ИНТЕЛЛЕКТУАЛЬНОСТЬ ПЬЕСЫ

Поскольку, как мы установили, интеллект, этот источник мысли и идей, играет важную роль в литературе вообще, он, надо полагать, играет немалую роль и в литературе драматической. Я употребил выражение «надо полагать», потому что в нашем двадцатом веке нашлись критики и драматурги, которые считают самой привлекательной чертой драмы бездумность. Впрочем, бремя доказательства лежит на них: если они хотят убедить нас в своей правоте, пусть приведут примеры такой бездумности — помимо своей собственной, конечно. Для литературы характерно, что самые глубокие мысли и самые глубокие чувства обычно встречаются в одних и тех же произведениях; что же касается литературы драматической, то она не только более эмоциональна, но и более интеллектуальна, чем это принято ныне считать. Взлеты драматургии происходят в истории лишь спорадически, причем историки неоднократно указывали на то, что новый взлет драматургии обычно совершается в обстановке нового общественно-политического подъема. Этот подъем помимо всего прочего носит также и интеллектуальный характер. Обычно в основе крупных драматургических произведений лежит идея, которая являет собой воодушевляющую мысль нового исторического движения, новое представление о человеке. В подобные исторические эпохи Драматурги не останавливают своего случайного выбора на тех или иных идеях в поисках интересного материала: драма представляет собой своего рода русло, по которому течет поток грандиозных идей. Следовательно, в известном смысле драматург, пишущий в такой исторический момент, совершенно не оригинален. Он не

137

проповедует своих собственных особых мнений, поэтому, быть может, ему и необязательно нужна защита билля о правах, ни даже «атмосфера свободы», которую современные публицисты считают непременным условием великого искусства; такой драматург тяготеет к центру исторической значимости. В отличие от великих драматургов вышеупомянутых исторических эпох второстепенные драматурги либо оказываются неспособными приобщиться к коренным идеям современности, либо, не сумев прийти к ним своим собственным путем, становятся эпигонами, подражателями, повторяющими чужие мысли.
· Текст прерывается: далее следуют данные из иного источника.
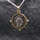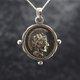 一款精致细腻、仿古风格的特特拉德拉克马(tetradrachm)钱币坠饰。此钱币为真实钱币的复刻版(如您照片所示),边框亦带有传统的仿古饰纹。坠饰为双面设计。您可于三种选项中选择:1. 全银坠饰(边框与钱币皆为银制) 2. 银币与黄铜边框 3. 黄铜币与银边框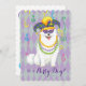 Invitation tes amis à être des Chiens de Fête et célébrer Mardi Gras avec ce mignon petit Eskimo Chien Américain, habillé en masque et perles festives. Préparez-vous à vous amuser lors d'une bonne soirée doggone. Laissez les bons temps rouler !

Приверженцы современного антиинтеллектуализма разработали доктрину о неинтеллектуальном происхождении драмы. Разве не берет драма начало в празднествах в честь бога Диониса? Наблюдая за распространением в американской системе просвещения теорий Ницше, Гилберта Мэррея, Джейн Харрисон и Ф.-М. Корнфорда, я обратил внимание на то, какое большое впечатление производят рассказы о том, что драма восходит своими корнями к культу плодородия. Умственному взору слушателей рисуются картины оргий, сразу же останавливая всякое течение мысли. Но давайте разберемся, насколько близки к оргии самые ранние из известных нам пьес — пьесы Эсхила. Не одна, а целый ряд ступеней отделяют нас здесь от оргии. Предположим, что «оргиастическая» теория справедлива. Тогда мы должны будем постулировать, что в какой-то момент исступленная толпа участников оргии разделилась надвое, причем одна из образовавшихся таким образом групп превратилась из участников в наблюдателей, зрителей. Мы должны будем также постулировать, что затем настал такой момент, когда оргии прекратились даже на сцене, а остались лишь разговоры об оргиях. Ведь на самом раннем известном нам этапе драматургии зрители уже ни в чем активно не участвуют, а только наблюдают, актеры же только говорят, да и то не об оргиях.